The second element is that organisations need to make sure they’re connected to the broader ecosystem. If agentic AI really is the future—and many people believe it is—then those agents need to be able to find you and interact with you. That means creating the necessary APIs and perhaps implementing MCPs or other protocols to ensure you can play a role within that ecosystem.

Last but certainly not least, especially when it comes to banking, I think it’s worth asking what the role of a bank will actually be in the future. Will banks essentially become technology companies? Will they change the way they operate, the way they’re organised and the way they serve customers in order to become future-proof?

I think we’re standing on the edge of a very significant transformation.

Kees: I think I can agree with that. I see, Bira, that you want to respond.

Bira: Yes, I wanted to ask Yorick a question.

You’ve been at the forefront with BUX, which for years was one of the frontrunners in making investing accessible and easy. And now you’ve moved to one of the major banks, with legacy systems and, as you described it, spaghetti infrastructure.

How has that transition been for you? And what’s the biggest thing that’s actually holding ABN AMRO back, given that you’ve experienced both worlds?

Yorick: For me it’s really two things.

The first is the way the organisation itself is structured. At a smaller, founder-led company, decision-making, processes, procedures, hierarchy and communication lines are completely different.

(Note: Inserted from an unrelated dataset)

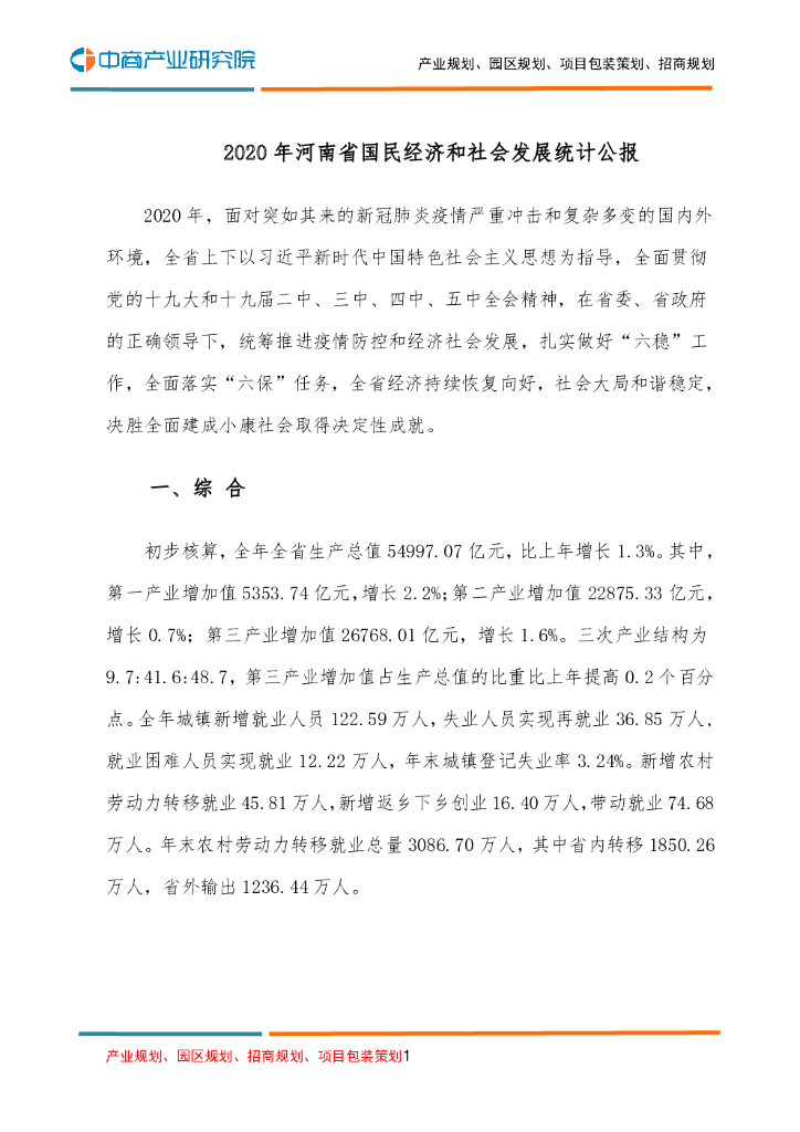 中商产业研究院:2020年河南省国民经济和社会发展统计公报.pdf

At BUX we were able to scale very quickly, make decisions rapidly and pivot whenever necessary. That allows you to test things, experiment and fail fast. Within a large bank that’s almost impossible. It’s simply the nature of the organisation. It’s a huge oil tanker. There’s fragmentation, decentralisation, and departments don’t always communicate effectively with one another.

On top of that, leadership is divided across many domains, each with its own mandate and accountability, with relatively limited interference from senior management or the Executive Board when it comes to day-to-day decisions.

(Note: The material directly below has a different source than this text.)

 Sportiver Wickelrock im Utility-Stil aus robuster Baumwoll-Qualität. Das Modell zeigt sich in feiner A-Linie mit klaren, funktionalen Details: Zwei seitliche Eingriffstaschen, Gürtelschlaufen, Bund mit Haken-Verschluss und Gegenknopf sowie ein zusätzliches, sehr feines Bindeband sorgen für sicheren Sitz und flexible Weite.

The second aspect is the technology itself. As I mentioned before, ABN AMRO is a bank with a history of more than 200 years. It’s really a patchwork of organisations that have come together over time to provide the financial services we offer today. Under the bonnet, however, it’s highly complex. All those mergers and acquisitions have resulted in many different systems operating in the background.

That’s the major difference. You first have to solve that complexity before you can truly accelerate, become more agile and deliver new applications more quickly. It simply takes more time.

At the same time, that’s exactly why this is such a great opportunity for me. I’ve seen the other side, and hopefully I can bring some of those experiences into the organisation to help us work differently.

Kees: I hope you succeed.

Yorick: Thank you. Me too.

Kees: We all hope so, I think. Thank you very much, Yorick, and thank you, Bira.

In your keynote, Yorick, you also mentioned that we don’t know what the future holds. You elaborated on the role of the bank as a trusted safeguard, and that trust is not the same as loyalty. Banks really need to keep that in mind throughout this entire AI transition.

I think that’s a nice bridge to your keynote, Kyriakos, because when we talk about trust, AI governance becomes incredibly important. Your keynote was titled AI Governance: Safeguarding Trust While Accelerating Innovation, which is obviously a very relevant topic in the current AI era.

Could you elaborate a bit more on how organisations can accelerate innovation while at the same time safeguarding trust?

Kyriakos: It’s a complex question to answer.

A lot of people in financial services think that regulations and the governance frameworks around AI will slow down innovation and create barriers. Personally, though, I prefer to look at it differently.

We often say that AI governance must scale with AI. In financial services, AI is moving rapidly from experimentation towards enterprise-wide adoption. Governance therefore needs to evolve at the same pace in order to preserve trust, consistency and control.

Throughout today’s event we discussed how important trust is within financial services, and I really want to emphasise that point.

During my presentation, I also spoke quite extensively about trustworthy AI. Trustworthy AI requires oversight. Transparent processes, meaningful human oversight and continuous monitoring are what keep AI fair, explainable and aligned with regulatory expectations over time.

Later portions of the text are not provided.